Woods had $25,000 taken from his pocket when Norman birdied the second hole to nullify Woods' birdie win on No. 1. A hole later, Norman lost his chance to collect money when he made par and Montgomerie birdied for the skin.

Montgomerie couldn't cash in, though, making par on the next hole while Parnevik and Woods birdied.

Montgomerie, the defending champion after earning $415,000 last year, put himself in position to win at least $125,000 with a 21-foot putt for birdie on the par-3 fifth hole.

All Montgomerie had to do was tie the low score on the next hole, a 569-yard par-5, and he put himself in good position to do so by actually outdriving Woods by 7 yards on the hole.

''It was the first time I'd ever been seven anything ahead of Tiger,'' Montgomerie said.

Montgomerie made a mental mistake with his next shot, though, costing him a chance to win. Instead of laying up with an iron, he hit a 3-wood into a fairway bunker 70 yards short of the hole. He then hit his bunker shot thin over the green into a bush, ending his hopes of cashing in on the previous hole's skin.

Unlike last year's event, when Montgomerie won two skins with pars, all four players played relatively well in light breezes at the Landmark Golf Club.

Woods made three birdies and shot 33 on the front nine, while Montgomerie shot 35, and Norman and Parnevik both shot 36.

Australian Open

GOLD COAST, Australia -- Stuart Appleby shot a 4-under-par 67 to share a three-stroke lead with Australian compatriot Scott Laycock after three rounds of the Australian Open.
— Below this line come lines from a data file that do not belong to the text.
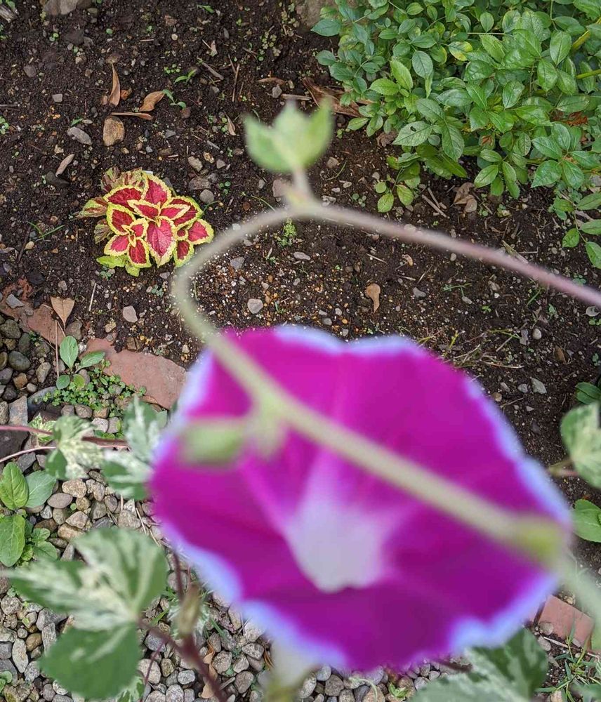 実は朝顔の蔦がとても伸びてヘタするとコリウスまて届きそうなんです。だから
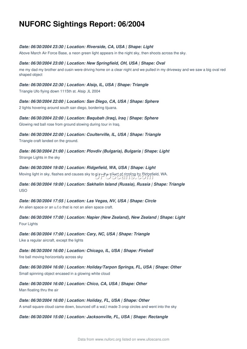 This document is a comprehensive compilation of Unidentified Aerial Phenomena (UAP) sighting reports submitted to the National UFO Reporting Center (NUFORC) for the month of June 2004. The reports span a global range, with significant activity noted across the United States, Canada, Portugal, and various other international locations. The sightings are presented in reverse chronological order, beginning with reports from June 30, 2004, and concluding with those from June 1, 2004. The descriptions provided by witnesses are highly varied, encompassing a wide array of shapes, including lights, spheres, triangles, disks, cigars, and other anomalous forms. Witness accounts frequently describe erratic flight patterns, high speeds, sudden changes in direction, and hovering behaviors. Some reports include specific details such as the presence of smoke trails, metallic surfaces, or the absence of sound. Several entries mention the involvement of other organizations, such as MUFON or the Missouri Investigators Group, and some reports note the capture of photographic or video evidence. Notably, the document includes editorial notes from NUFORC regarding potential explanations for certain sightings, such as space debris, re-entering satellites, flares, or astronomical phenomena like Venus or Jupiter. Some reports are explicitly flagged as potential hoaxes or misidentifications, such as the 'red rain' event in India or various 'dramatic meteor' sightings. The document serves as a raw data repository of public-submitted accounts, reflecting the diverse and often subjective nature of UAP reporting during this period.
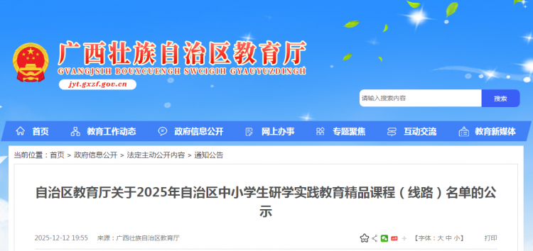 12月12日,广西壮族自治区教育厅发布《自治区教育厅关于2025年自治区中小学生研学实践教育精品课程(线路)名单的公示》,评选出《虫虫特工队 探秘昆虫世界——广西自然生态研学课程》等9门精品课程、《硬核柳州·匠心传承》等6条精品线路。
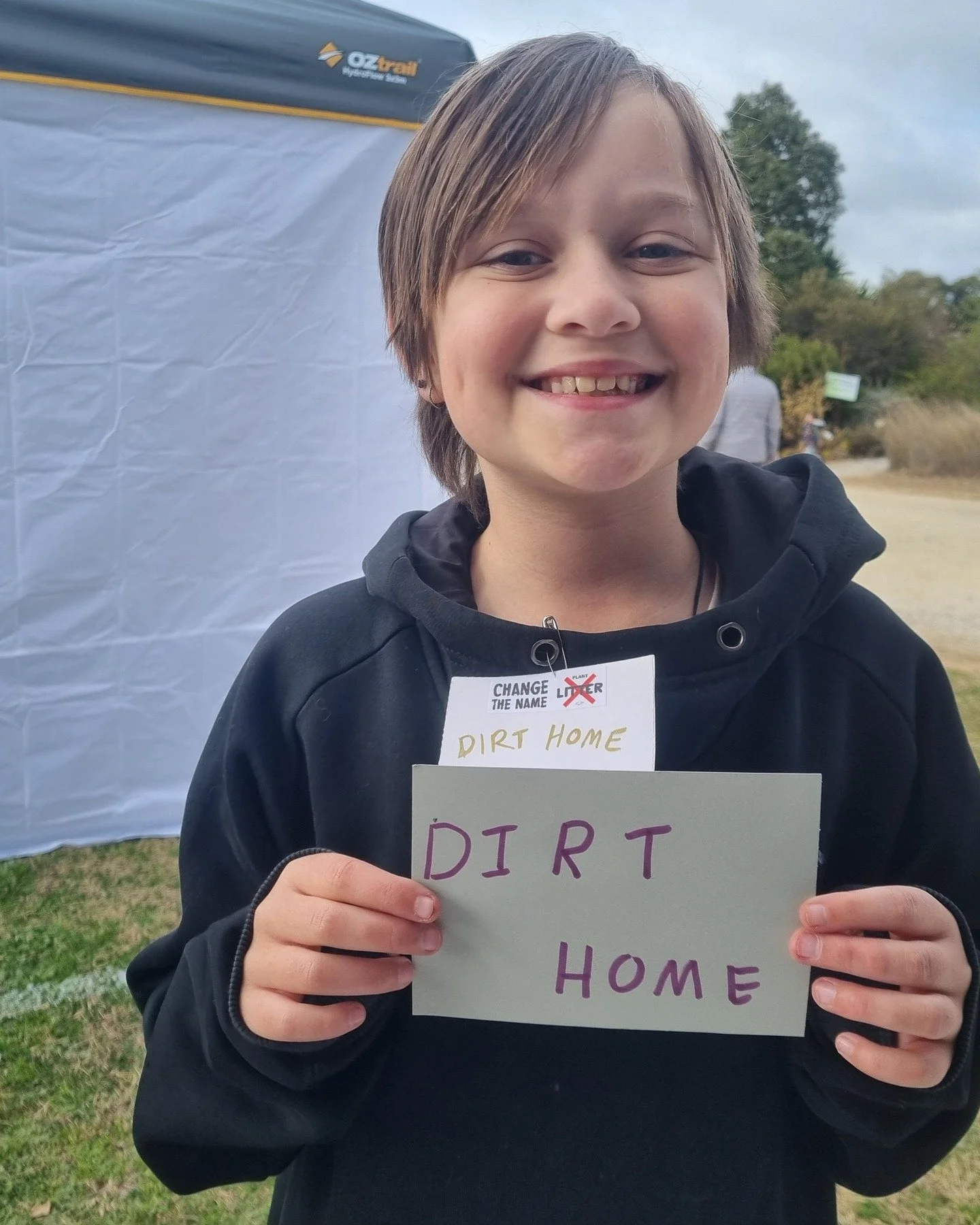 At each event her board fills up with suggestions, and your can even wear yours around on your personalised Change The Name-TAG - by the end of the event everyone will be talking about litter!
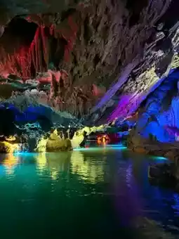 The caves here are diverse and have peculiar shapes, with the most remarkable being the stalactites and stalagmites that resemble swans. From a distance, they look like masterpieces meticulously carved by nature. Stepping inside the caves, the cool air and tranquil atmosphere instantly relax you. The light streaming through the cave openings illuminates the stalactites, making each rock seem to glow, creating a mysterious and magnificent scene. Beyond the caves, the surrounding natural environment is equally captivating, with dense forests and undulating mountains.
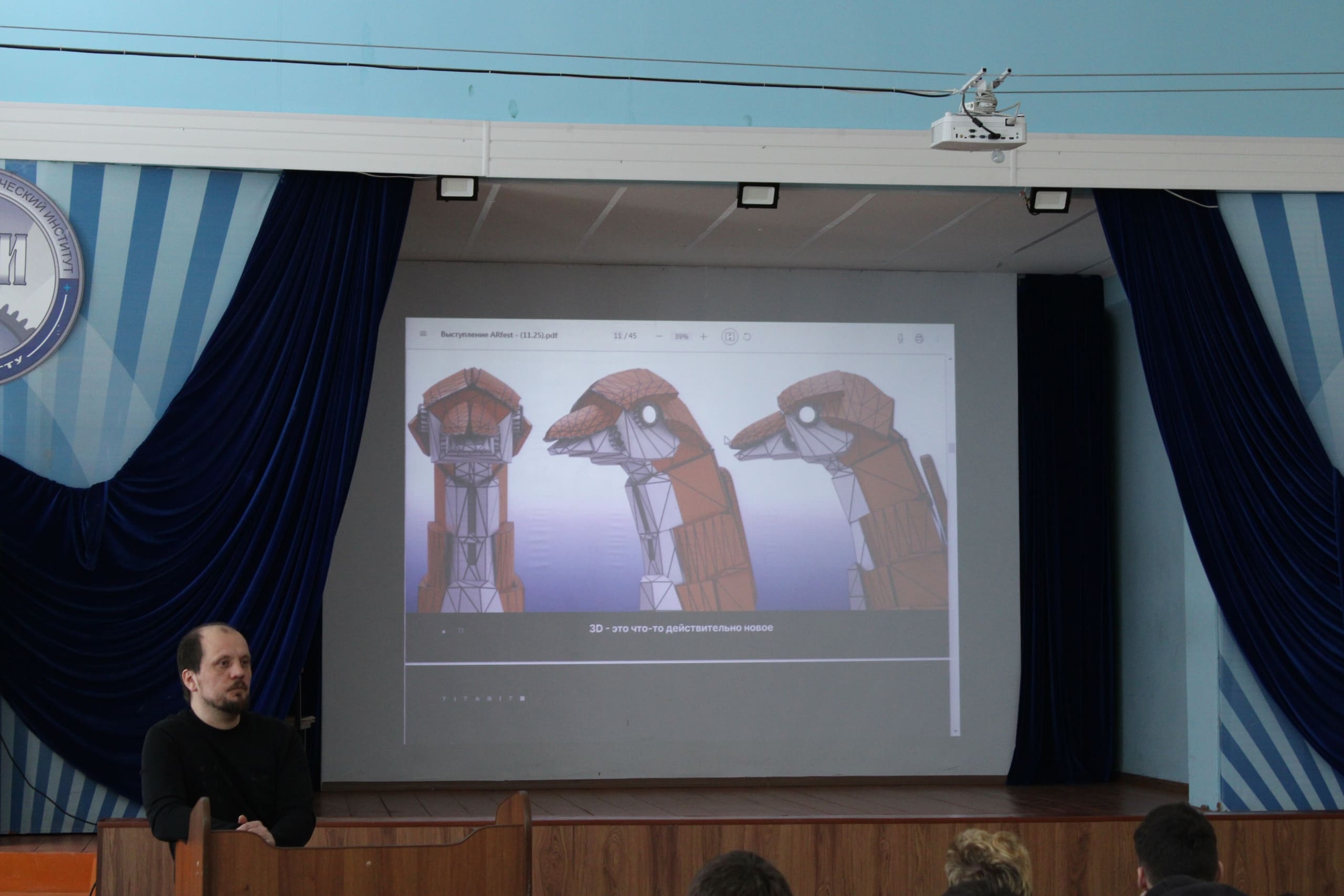 В Арзамасском политехническом институте Нижегородского государственного технического университета им. Р.Е. Алексеева прошел семинар на тему IT-технологий от генерального директора компании «Титабит» Дмитрия Владимировича Яшина. Компания занимается разработкой программного обеспечения и приложений с применением виртуальной, дополненной реальности, для интерактивных поверхностей или комнат.
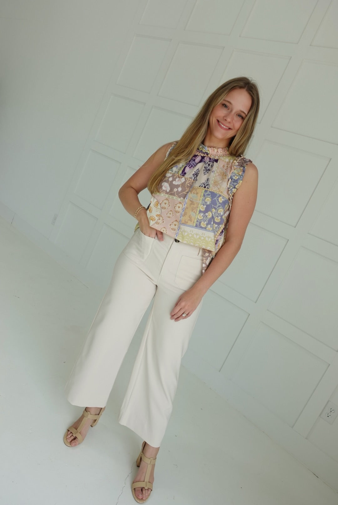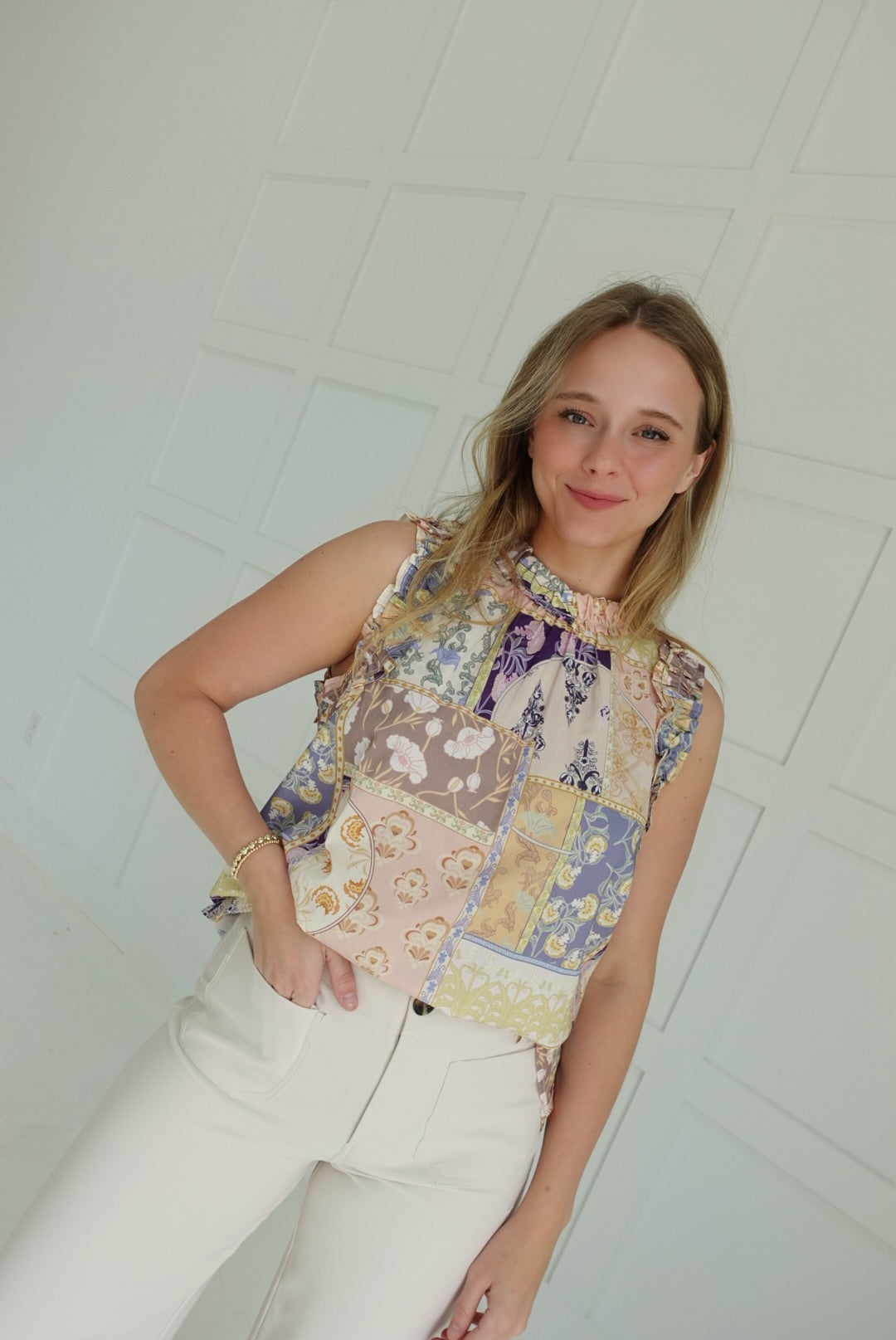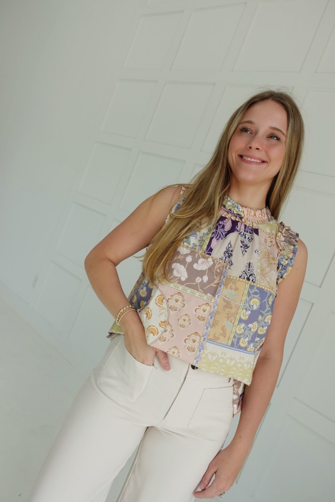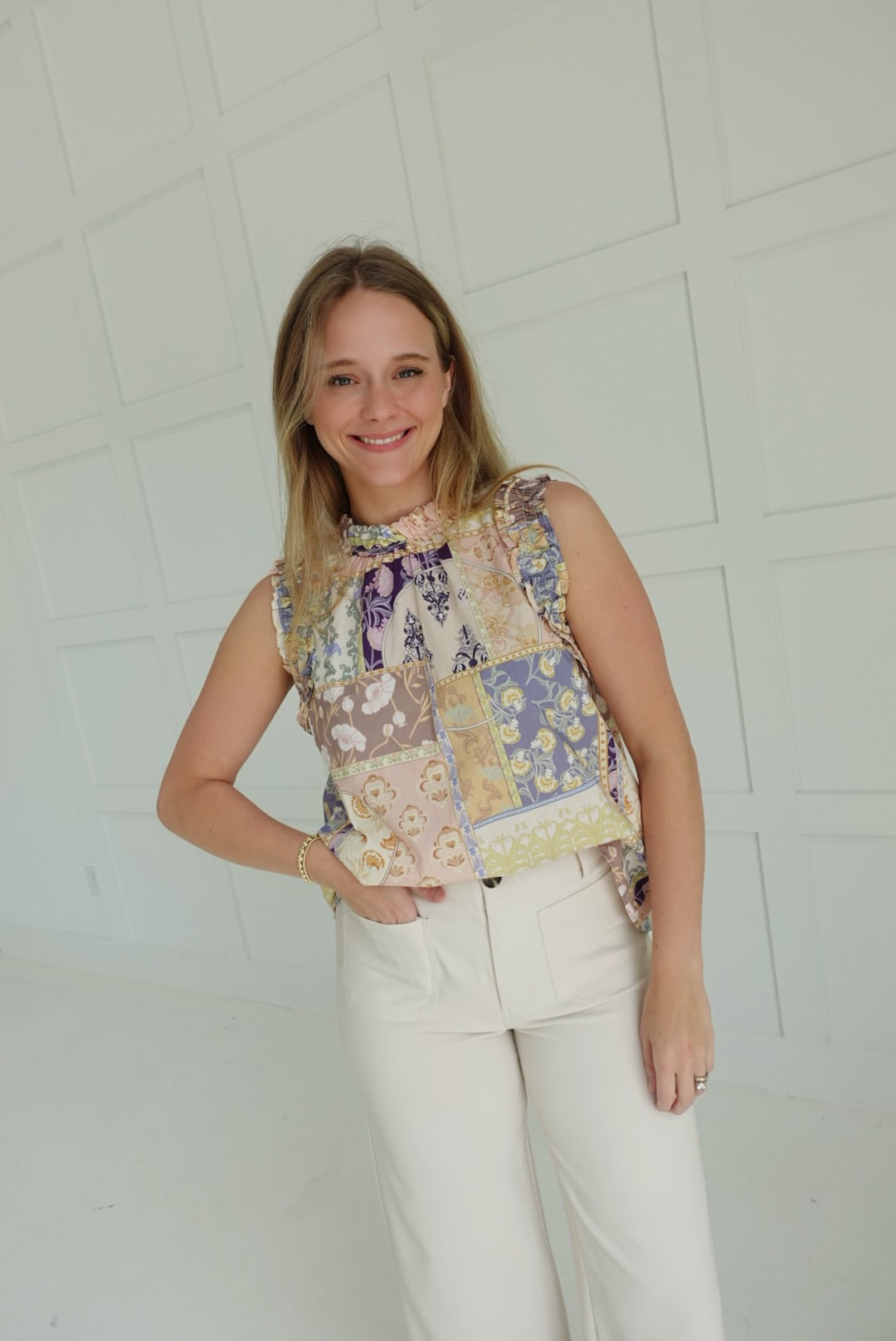 Introducing the Mildred Blouse - a stylish statement piece that is perfect for any occasion. With its playful ruffled neckline and hidden button keyhole closure, this sleeveless pullover top adds a touch of whimsy to any outfit. Made with a lightweight, non-sheer woven fabric, this blouse is both comfortable and chic. Don't miss out on this unique wardrobe essential!
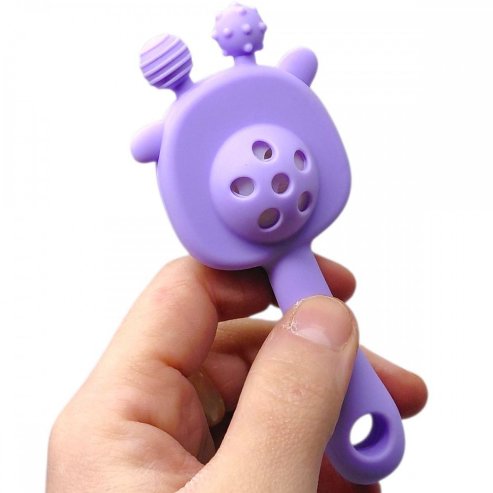 Прорізувач-брязкальце у формі жирафа створений спеціально для дітей раннього віку. Завдяки продуманій формі та зручній ручці малюк легко утримує іграшку самостійно. Рельєфні виступи на верхній частині допомагають м’яко масажувати ясна в період прорізування зубів.
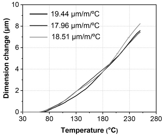 Figure 9 shows the dimensional changes in the ζ (Ag3In) phase caused by thermal expansion during the heating. The dimensional changes of the ζ (Ag3In) phase during a temperature change from 30 °C to 70 °C cannot be recorded due to the cancellation effect resulting from the expansion of the glass bar used for detection and the tested specimen. Therefore, the total dimensional change is considered when heating the specimen from 70 °C to 250 °C, and this value is approximately 7.76 ± 0.35 μm, averaged by the three measurements, as illustrated in Figure 9. Consequently, the averaged CTE value is 18.63 ± 0.61 μm/m/°C. In comparison, the obtained CTE value of Ag9In4, as investigated in our previous study, was 20.6 μm/m/°C [26].
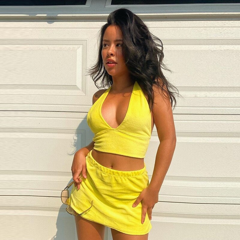 Top corto da donna e gonna
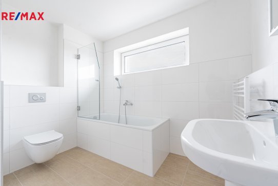 Milovníci horkých koupelí jistě ocení vanu v koupelně. Koupelna je v neutrálních barvách a nabízí dostatek prostoru i pro pračku.
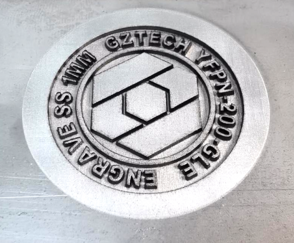1、不銹鋼深雕 不銹鋼是金屬制品中使用最多的材料之一,在不銹鋼上雕刻一定深度的字符或者圖案的需求非常之多。經測試,GLE 200W使用頻率190kHz,功率90%,速度2000mm/s,填充間距0.05mm,正離焦0.5mm,雕刻1mm深成品表面毛刺少,底紋細膩,深度均勻,去除效率40mm3/min。

Both are at 7-under 206 entering the last round of the $750,000 tournament. Ernie Els finished with a 73 and slipped to 209. Geoff Ogilvy of Australia had a 74 and was at 210, one stroke ahead of countryman Rod Pampling (75).

World Open

KAIMON, Japan -- Kiyoshi Murota of Japan equaled a course record with a 9-under-par 63 and held a four-stroke lead after three rounds of the $1.16 million Casio World Open. He is at 20-under 196, with Sergio Garcia of Spain (66) and Dinesh Chand of Fiji (64) sharing second. Murota made three straight birdies after the turn and had one of his two eagles in the par-5 13th hole. Garcia began the third round one stoke behind Murota. He also eagled the 13th.

Asian Open

TAIPEI, Taiwan -- Sweden's Carl Pettersson shot a 3-under-par 69 to share the third-round lead with Spain's Miguel Angel Jimenez in the $1.5 million BMW Asian Open.

Jimenez closed with a 70 and was tied with Pettersson at 7-under 209 entering the last round. Second-round leader Jarmo Sandelin of Sweden (72) and Thomas Levet of France (69) were one stroke back.

Jimenez looked set to hold the outright lead, but missed a 1-foot par putt on the 18th.

Stephen Dodd of Wales (70) and Brian Davis of England (69) were at 211. Jose Maria Olazabal of Spain shot a 70 to finish at 212 with Charlie Wi of South Korea (68), Thongchai Jaidee of Thailand (68) and Barry Lane of England (69).